Top 5 states which have most fatal incidents:
Out[30]:
state stabbing_fatalities
8 new york 7
0 california 5
4 kentucky 5
2 illinois 3
1 connecticut 2

method 2 - using SQL query¶

In [31]:
query = """select state, count(*) as stabbing_fatalities
from fatalities_cleaned
where lower(description) like '%%stabb%%'
group by state
order by stabbing_fatalities desc
limit 5
"""
pd.read_sql(query, connection)
Out[31]:
state stabbing_fatalities
0 new york 7
1 california 5
2 kentucky 5
3 illinois 3
4 connecticut 2

9. What are the top 10 states that had the most workplace fatalities from shootings?¶

The task is to calculates the top 10 states which have most fatal incidents happed from shooting.

method 1 - using pandas dataframes¶

In [32]:
shoot_filter = df_cleaned.description.str.lower().str.contains('shot')
shooting_fatalities = df_cleaned[shoot_filter]
statewise_shooting_fatalities = shooting_fatalities.groupby('state').agg('count')['id'].reset_index()
statewise_shooting_fatalities.rename(columns={'id':'n_fatalities'}, inplace=True)
print("Top 10 states which have most fatal incidents:")
statewise_shooting_fatalities.sort_values(['n_fatalities','state'], ascending=False).head(10)

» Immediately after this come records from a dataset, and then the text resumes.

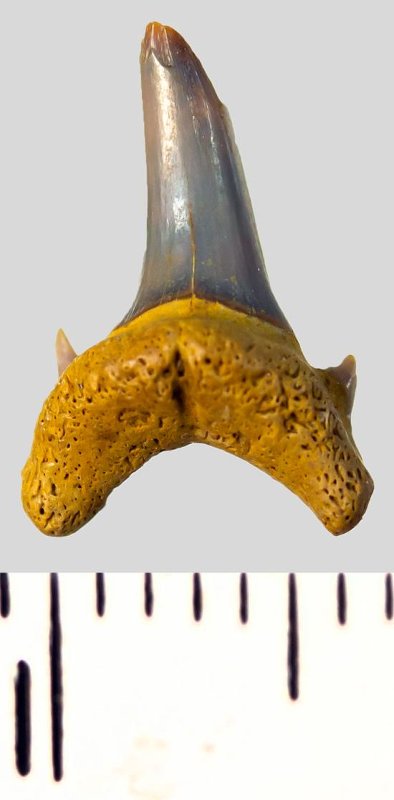 Зуб. Акула. Eostriatolamia subulata (Agassiz, 1843). Классификация: Хордовые Chordata, Позвоночные Vertebrata, Хрящевые рыбы Chondrichthyes, Пластиножаберные Elasmobranchii, Акулы Selachii, Ламнообразные Lamniformes, Песчаные акулы Odontaspididae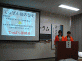 第151回生涯教育まちづくりフォーラムが開催されました。実践発表として、県立ありあけ新世高等学校「てっぱん部」の社会貢献活動が発表されました。「てっぱん部」はお好み焼きでまちおこしに貢献する部活動です。部長、副部長と1年生2名の計4名が発表のために来られました。オレンジのハッピもかっこよく、最後は元気な掛け声の披露もありました。これからも地域貢献活動をがんばってくださいね。(麗奈)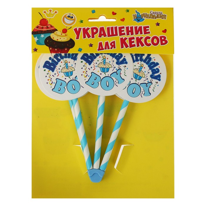 Топпер "С Днем рождения" для мальчика (6 шт на держателе)

Top 10 states which have most fatal incidents:
Out[32]:
state n_fatalities
13 indiana 28
4 california 23
40 texas 21
29 new york 20
8 florida 14
16 kentucky 13
34 oregon 9
25 nevada 9
12 illinois 9
44 washington 8

method 2 - using SQL query¶

In [33]:
query = """select state, count(*) as shooting_fatalities
from fatalities_cleaned
where lower(description) like '%%shot%%'
group by state
order by shooting_fatalities desc
limit 10
"""
pd.read_sql(query, connection)
Out[33]:
state shooting_fatalities
0 indiana 28
1 california 23
2 texas 21
3 new york 20
4 florida 14
5 kentucky 13
6 nevada 9
7 illinois 9
8 oregon 9
9 washington 8

10. What is the total number of shooting deaths per year?¶

The task is to calculates the total number of deaths caused by shooting each year.(In Decreasing order)

method 1 - using pandas dataframes¶

In [34]:
yearwise_shooting_fatalities = shooting_fatalities.groupby('incident_year').agg('count')[['id']].reset_index()
yearwise_shooting_fatalities.rename(columns={'id':'shooting_fatalities'}, inplace=True)
In [35]:
yearwise_shooting_fatalities.sort_values('shooting_fatalities', ascending=False)
Out[35]:
incident_year shooting_fatalities
12 2021 38
6 2015 28
7 2016 28
11 2020 27
10 2019 24
9 2018 21
4 2013 19
5 2014 18
1 2010 16
8 2017 14
2 2011 13
0 2009 10
3 2012 9
13 2022 2

method 2 - using SQL query¶

In [36]:
query = """select year(incident_date) as incident_year, count(*) as shooting_fatalities
from fatalities_cleaned
where lower(description) like '%%shot%%'
group by year(incident_date)
order by shooting_fatalities desc
"""
pd.read_sql(query, connection)
Out[36]:
incident_year shooting_fatalities
0 2021 38
1 2015 28
2 2016 28
3 2020 27
4 2019 24
5 2018 21
6 2013 19
7 2014 18
8 2010 16
9 2017 14
10 2011 13
11 2009 10
12 2012 9
13 2022 2

Once we are done with the analysis we shall close the database connection

In [37]:
connection.close()

This marks the end of the notebook. If any modifications are made to this notebook, I shall upload the revised version to the github repo.

Thank you for reading. Have a great day!!